The Daring Housewives and Coffee Fetchers Behind America’s Spy Agency

From a Washington Post book review by Denise Kiernan headlined “The daring housewives and coffee fetchers behind America’s spy agency”:

It should come as no surprise that women have been integral to the Central Intelligence Agency since its inception, and still are. It is almost not worth mentioning that, whether they worked as spies, couriers, girl Fridays or other keepers of secrets, these women helped make the clandestine agency not only tick, but hum. Almost not worth mentioning.

Except that it is.

Writer Liza Mundy recognizes how rescuing stories from the past can illuminate bias and abuse, and she does so in her latest book, “The Sisterhood: The Secret History of Women at the CIA.” It’s somewhat familiar territory for Mundy, who took a similar tack in her previous book “Code Girls,” about the female code breakers of World War II.

“The Sisterhood” picks up where World War II left off, from the ashes of destruction and victory into the cauldron of the Cold War. Women who had worked in every corner of the war effort — from the Manhattan Project to the Women’s Army Corps — were expected to return to societal roles that had long been designated to them. Yet even before the Office of Strategic Services became the CIA, a third of its employees were women.

Repairing the historical record is a challenging undertaking decades after the deeds are done, perhaps more so when the history itself is shrouded in secrecy. To accomplish her aims, Mundy employs historical research and documentation along with the present-day recollections of individuals who were — or still are — involved with the agency.

Many of these women’s experiences seem sadly par for the course — almost blasé. As Mundy tells it, in the early days of the agency, they were relegated to typing, fetching coffee, taking dictation, all the while enduring belittling commentary and sexual harassment ranging from micro aggressions to macro offenses. Some were willing to work unpaid to perform a job at which they knew they could excel, one they wanted or felt called to do.

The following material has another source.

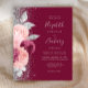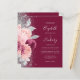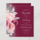 The left-hand edge of this elegant modern wedding invitation features a floral bouquet in shades of burgundy and blush pink, trimmed with silver faux foil and faux glitter foliage and sprinkled with silver faux glitter. The customizable text combines silver gray handwriting script, copperplate and italic fonts on a burgundy background. The reverse side features a matching burgundy, blush and silver floral design.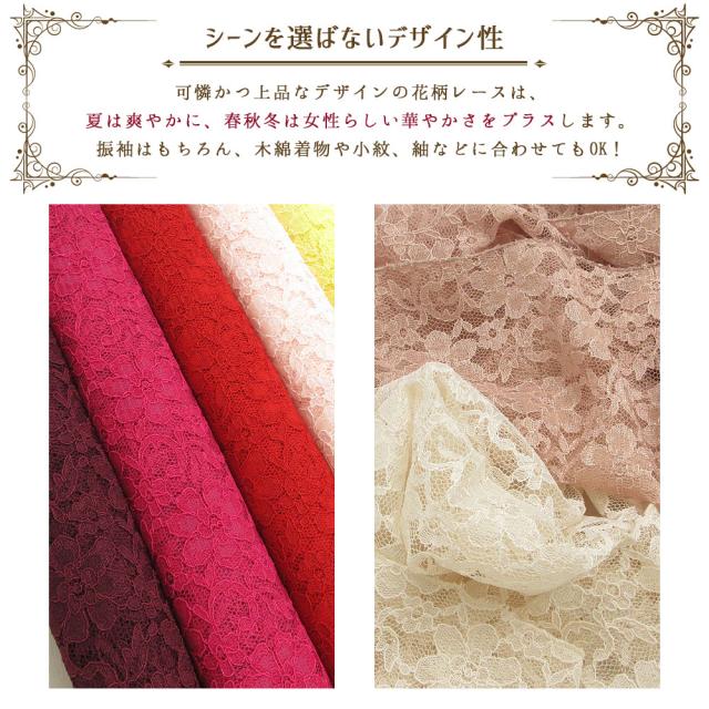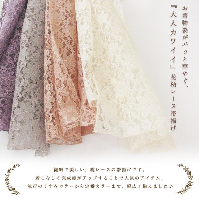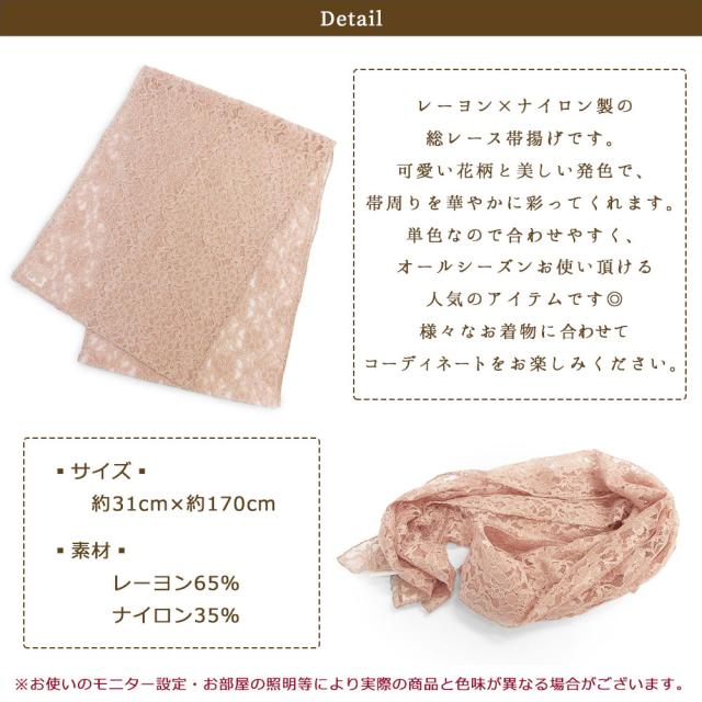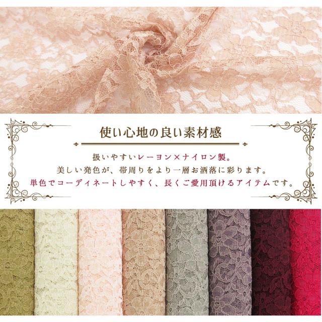 【2枚までメール便発送OK】レース 帯揚げ お洒落 日本製 花柄 幅31cm 並尺 約170cm 10色 暖色 赤 ピンク 黄 紫 カラフル くすみ パステル ペール 定番 人気 カラー 和装小物 着付け小物 通年用 お洒落 カジュアル 着物 訪問着 袷 色無地 小紋 紬 振袖 成人式 卒業式

Ironically, the agency’s and society’s tendency to devalue these women and their abilities made them blend into the woodwork, unseen, and thus they became far more effective and influential, as they often used the obstacles placed in their path to their advantage. Women asked to create filing systems, for example, had access to and eyes on everything. Women taking dictation heard all. A “housewife” was not merely a societal or familial designation, it was, in many cases, the ultimate cover.

The underlying power of this narrative lies in juxtaposition: We witness contributions downplayed and overlooked, while comprehending their vital value to the agency. This was not simply an affront to the women; in some scenarios it proved a threat to national security.

“The Sisterhood” covers a lot of ground, from the origins of the OSS to the hunt for Osama bin Laden, to the appointment of Gina Haspel as the CIA’s first female director in 2018 and beyond. The women — and men — vary in background, race and likability. Not every woman is a supportive ally, not every man a demeaning ogre. Along the way there are a lot of firsts and plenty of names and places to keep track of. For some readers, the earlier history may be more compelling, if only because the hurdles to be surmounted were so high, and the tenacity of those who cleared them feels that much more inspiring.

Still, “The Sisterhood” offers a different and valuable inside look at an agency that has long fascinated American culture. Women’s roles today have expanded, yet many of the same challenges remain for those devalued because of their gender, race, sexual identity and more. The more we commit to sharing these stories, the more courage we will have to recognize who is being overlooked.

Denise Kiernan is the New York Times author of “The Girls of Atomic City,” “The Last Castle,” “We Gather Together” and others.